Годы и войны. Записки командарма. 1941—1945 — страница 109 из 125

За этот бой, проведенный с таким блестящим успехом, капитан Зубков был награжден орденом Суворова III степени. Высоких боевых наград были удостоены все 28 воинов, которые под стать своему командиру сражались не только геройски, но и с высоким воинским мастерством. Я помню, что В. Г. Зубков отличился в Берлинской операции. Мне лично довелось вручать отважному офицеру второй орден Красного Знамени. К сожалению, послевоенная судьба Василия Герасимовича мне неизвестна…

Противник, выбитый из Мельзака, отошел на запасные позиции в двух километрах севернее и западнее города.

Утром 17 февраля генерал армии И. Д. Черняховский вызвал меня к телефону, поздравил с успехом, ознакомился с обстановкой и спросил, не отстают ли командиры дивизий и корпусов от боевых порядков и где находится штаб армии. Ответив на его вопросы, я добавил:

— Только что вернулся от Урбановича, он находится от противника в полутора километрах. Из-за систематического артобстрела я с трудом выбрался от него. Остальные командиры корпусов в таком же положении.

— Через два часа я буду у вас, — сказал Черняховский.

Учитывая, что он поедет с востока по шоссе, я предупредил его, что шоссе здесь просматривается противником, обстреливается артогнем, но командующий не стал слушать.

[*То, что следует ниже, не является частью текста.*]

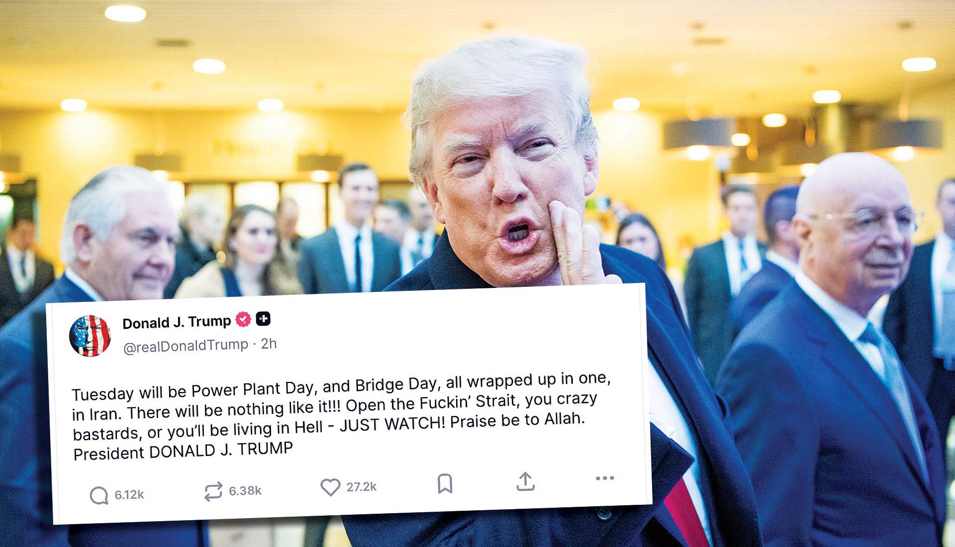 ● «Την Τρίτη θα είναι η “Ημέρα Εργοστασίων Ηλεκτρικής Ενέργειας” και η “Ημέρα Γεφυρών”, όλα μαζί σε ένα, στο Ιράν. Δεν θα υπάρχει τίποτα παρόμοιο! Ανοίξτε τα γαμημ$ν@ Στενά, τρελαμένοι μπάσταρδοι, αλλιώς θα ζείτε στην Κόλαση. ΑΠΛΩΣ ΘΑ ΔΕΙΤΕ! Δόξα στον Αλλάχ. Πρόεδρος ΝΤΟΝΑΛΝΤ ΤΖ. ΤΡΑΜΠ».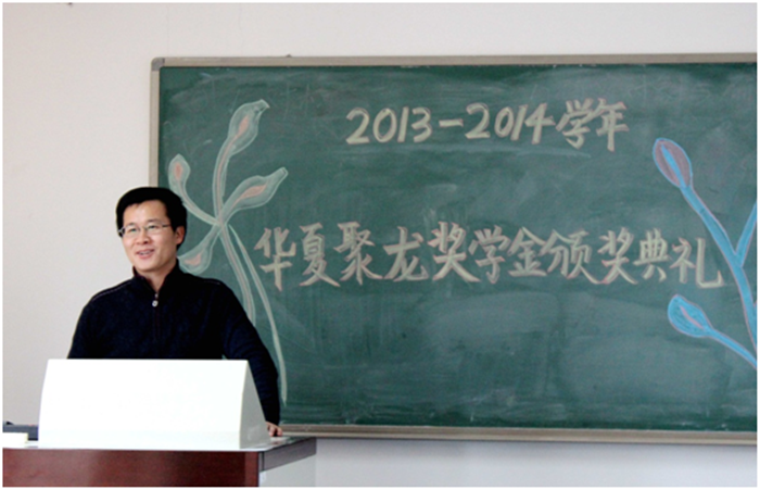 大会第三项,谭小芬副书记宣读《关于颁发2013-2014学年华夏聚龙奖学金的通知》,随后与王路女士、谭云天先生逐一为获奖学生颁奖并合影留念。

Имея в своем распоряжении два часа, я решил съездить к командиру 35-го корпуса Никитину — его НП находился в одном километре севернее города и на таком же расстоянии от противника. Подходы просматривались и обстреливались, поэтому я был вынужден оставить свою машину на северной окраине города и пойти пешком между железной и шоссейной дорогами.

В 290-й дивизии и 35-м корпусе наблюдательный пункт был совместный. Моему появлению командиры нисколько не удивились — такие посещения были делом обычным. Они доложили обстановку и свои намерения. После этого я отправился тем же путем обратно.

Проехав город, я, чтобы не опоздать, поспешил к развилке шоссе, в 700 метрах восточнее городской окраины. Не доехав туда 150 метров, я увидел подъезжавший «виллис» и услыхал один выстрел со стороны противника. Как только «виллис» командующего очутился на развилке, раздался единственный разрыв снаряда. Но он был роковым.

Еще не рассеялись дым и пыль после разрыва, как я уже был около остановившейся машины. В ней сидело пять человек: командующий фронтом, его адъютант, шофер и два солдата. Генерал сидел рядом с шофером, он склонился к стеклу и несколько раз повторил: «Ранен смертельно, умираю».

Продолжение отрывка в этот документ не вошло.